After a minor interruption to service, I'm back and I've installed an upgrade!

For those of you out there who may actually read this blog (the one or two of you, hi Mum), life has been more than a little busy of late and has interfered with my ability to read, and to blog.  Basically, I have been experiencing a career crisis.  Actually that's a bit dramatic it wasn't really a crisis (I just like the familiar-sounding alliteration), it was more that I really didn't like my job.  Don't get me wrong, my colleagues were AWESOME and that counts for so much in a workplace, but as a new Librarian, the job itself was probably as unchallenging and backward as it could get.  A career cul-de-sac.  A dead end.  A career coffin.  A place of final rest.

So what was the position?  It was at a school.  A lovely school of a certain educational philosophy that was rather anti-technology and fairly set in its ways.  I sort of knew this when I started, but I was thoroughly unaware HOW set in their ways the teaching staff were, and how much resistance I would encounter just trying to perform the most basic of Librarian duties (signs, promotional displays, buying Andy Griffiths, etc).  In the end, I knew they wouldn't change, and I certainly didn't want to force myself to confirm to a philosophy that I didn't necessarily agree with.  I knew it was time to part ways.

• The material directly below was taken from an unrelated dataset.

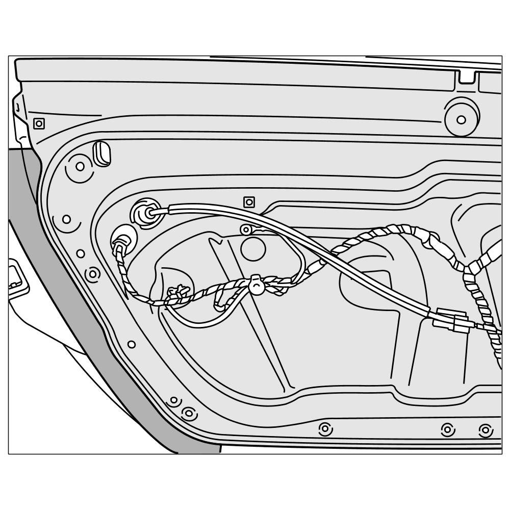 2. Slide the wire harness through the door aperture from inside and press the rubber sleeve on the wire harness into the door aperture from inside.
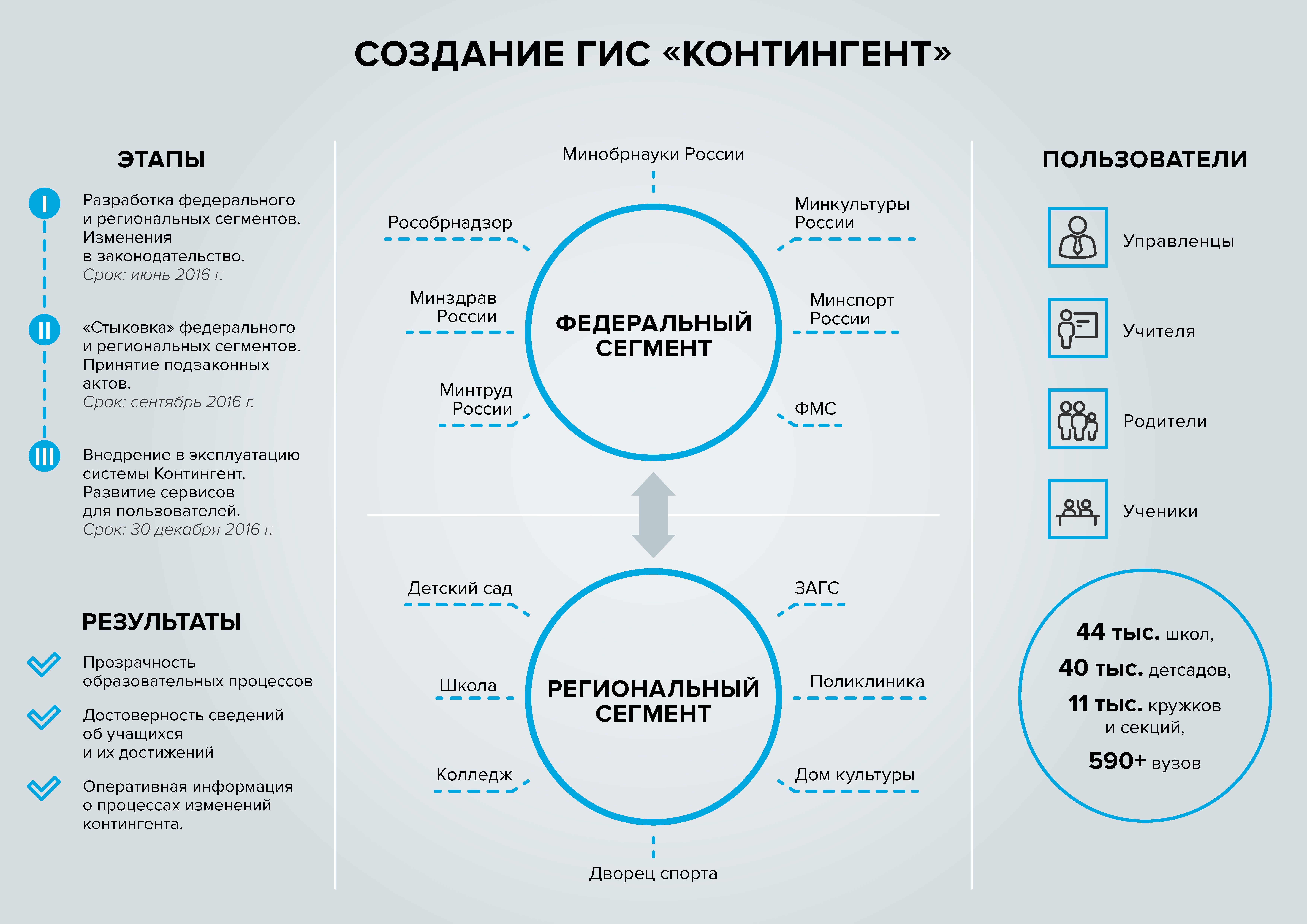 Основание для создания и развития информационной системы является Концепция создания единой федеральной межведомственной системы учета контингента обучающихся по основным образовательным программам и дополнительным образовательным программам, утверждённая распоряжением Правительства Российской Федерации от 25 октября 2014 г. № 2125-р.

It made me reflect on the expectations that I had when I emerged from my LIS qualification.  When I toppled off the end of that production line, bright and shiny and full of ideas and enthusiasm, I found myself in an arena that was very diverse.  Certainly, when I was studying I was told repeatedly how libraries are changing rapidly; how they are morphing and evolving and redefining their services to keep pace with changing patron needs and dynamic technologies.  I was so eager to be immersed in that environment!  But I found that although that reality may be the cutting edge of academia, and the bastion of the well-funded and progressive library corporation, for many libraries (particularly the underfunded school library), those ideas are just a pleasant, fleeting daydream.  And lets not forget that there are other libraries that just don't want to change - they (and their staff) are happy to continue operating as they always have, immune to the pull of the 21st century tide.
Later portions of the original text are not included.